I get the following output of the above code:
Null
HDFS : null
Local : null
Who can point out errors or errors?
Here is the code:
import java.io.IOException;
import org.apache.hadoop.conf.Configuration;
import org.apache.hadoop.fs.FileChecksum;
import org.apache.hadoop.fs.FileSystem;
import org.apache.hadoop.fs.LocalFileSystem;
import org.apache.hadoop.fs.Path;
public class fileCheckSum {
/**
* @param args
* @throws IOException
*/
public static void main(String[] args) throws IOException {
TODO Auto-generated method stub
Configuration conf = new Configuration();
FileSystem hadoopFS = FileSystem.get(conf);
Path hdfsPath = new Path("/derby.log");
LocalFileSystem localFS = LocalFileSystem.getLocal(conf);
Path localPath = new Path("file:///home/ubuntu/derby.log");
System.out.println("HDFS PATH : "+hdfsPath.getName());
System.out.println("Local PATH : "+localPath.getName());
FileChecksum hdfsChecksum = hadoopFS.getFileChecksum(new Path("/derby.log"));
FileChecksum localChecksum = localFS.getFileChecksum(new Path("file:///home/ubuntu/derby.log"));
if(null!=hdfsChecksum || null!=localChecksum){
System.out.println("HDFS Checksum : "+hdfsChecksum.toString()+"\t"+hdfsChecksum.getLength());
System.out.println("Local Checksum : "+localChecksum.toString()+"\t"+localChecksum.getLength());
if(hdfsChecksum.toString().equals(localChecksum.toString())){
System.out.println("Equal");
}else{
System.out.println("UnEqual");
}
}else{
System.out.println("Null");
System.out.println("HDFS : "+hdfsChecksum);
System.out.println("Local : "+localChecksum);
}
}
}
Solution
Since you don’t set a remote address on the conf
and essentially use the same configuration, both hadoopFS
and localFS
point to instances of LocalFileSystem
.
getFileChecksum
is not implemented for LocalFileSystem
and returns null.
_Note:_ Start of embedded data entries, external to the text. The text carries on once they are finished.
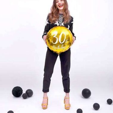 Okrągły balon na 30 urodziny w kolorze złotym.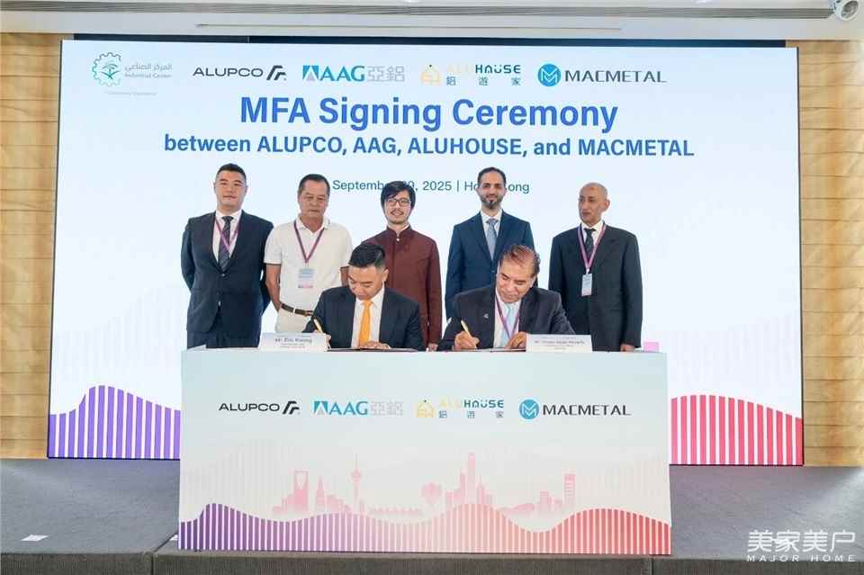 2025年9月29日,中国铝型材制造业巨头——AAG亚铝集团,正式宣布与沙特阿拉伯王国的铝型材生产商ALUPCO签署总体框架协议。此次战略合作涉及AAG亚铝集团旗下分公司铝遊家(AluHouse)及迈科美(MacMetal),双方将成立三家全新合资企业,总投资额将达5亿美元,并计划于沙特阿拉伯打造规模最大、功能最完备的铝加工产业基地,重点聚焦铝型材生产、模块化建筑及太阳能板边框等核心业务。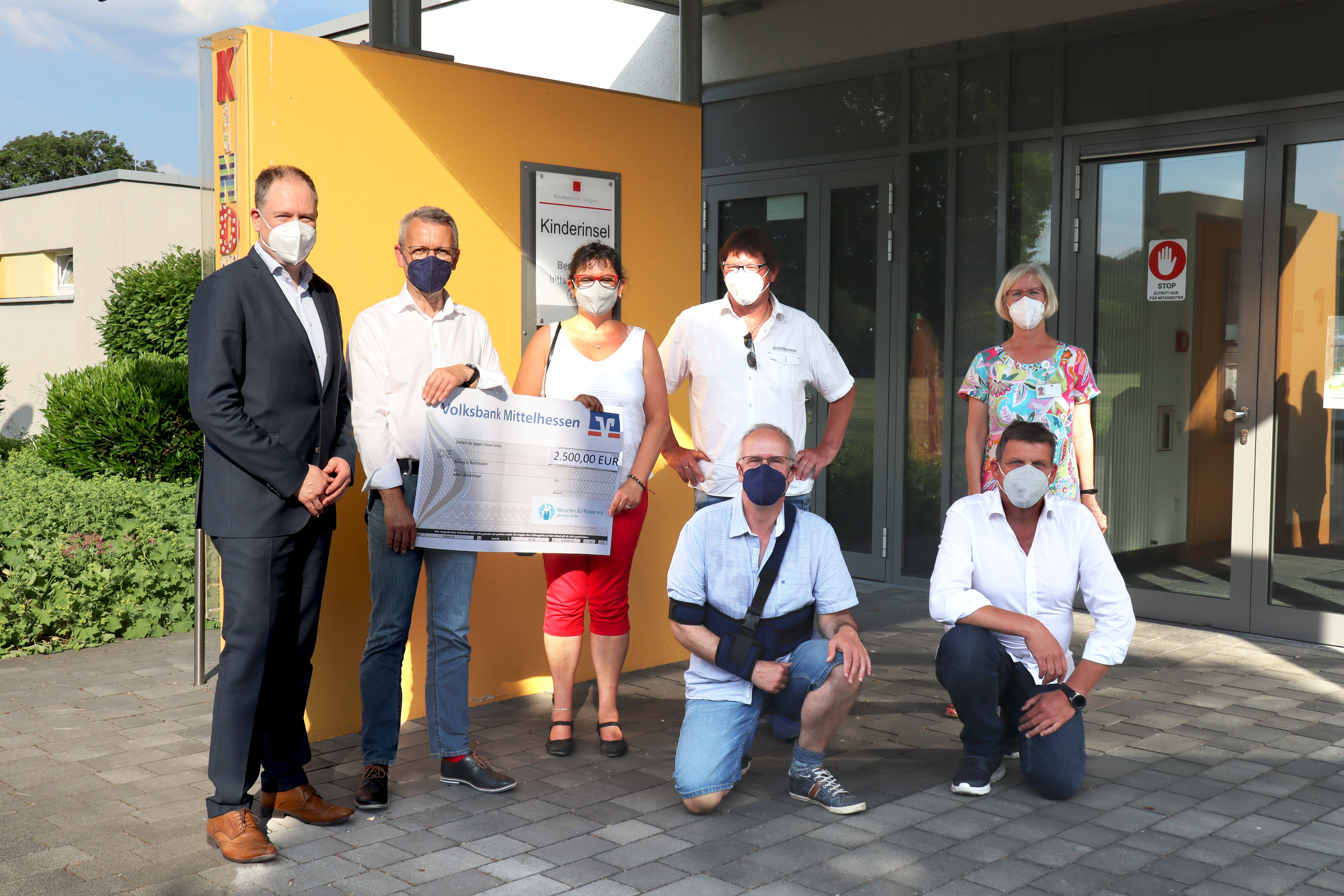 Zusammen mit der Familie Becker aus Dietzhölztal, die die Hälfte der Spende aufgebracht hat, überreichten Vertreter des Vereins letzte Woche 2.500,00 Euro an Birgit Krumm, Einrichtungsleiterin der kinderinsel, einer Intensivstation mit Wohncharakter für dauerhaft beatmete Kinder und Jugendliche auf dem Wellersberg. Mit dem Geld möchte die Einrichtung Lagerungshilfen für den Spiel- und Entspannungsbereich der Bewohner anschaffen. Klinikgeschäftsführer Carsten Jochum zeigte sich sehr erfreut über die erneute Unterstützung der DRK-Kinderklinik Siegen durch den Verein: „Wir sind sehr dankbar, immer wieder eine solch wichtige Unterstützung bei unseren Projekten und Anschaffungen durch „Menschen für Kinder“ und andere Spender zu erfahren. Nur dank solcher Engagements und Spenden können wir unsere hochspezialisierte Versorgung wie etwa mit der kinderinsel hier in Siegen aufrechterhalten.“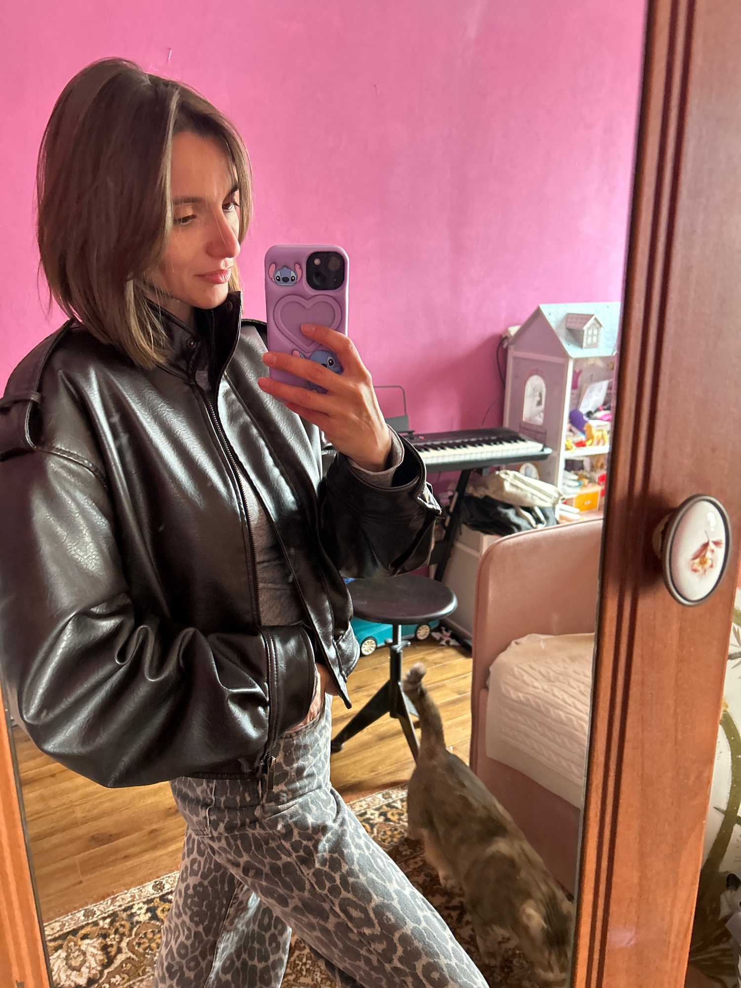 A person takes a selfie in a mirror. The person has brown hair, a leather jacket, and leopard print pants. The person holds a purple phone case with a blue cartoon character on it. The background show…read more

However, it should work for DistributedFileSystem
, and if your conf points to a distributed cluster,
FileSystem.get(conf)
should return an instance MD5 of MD5 of CRC32 checksums The size of the DistributedFileSystem
is The block of bytes.per.checksum.
The value depends on the block size and the cluster-wide configuration bytes.per.checksum.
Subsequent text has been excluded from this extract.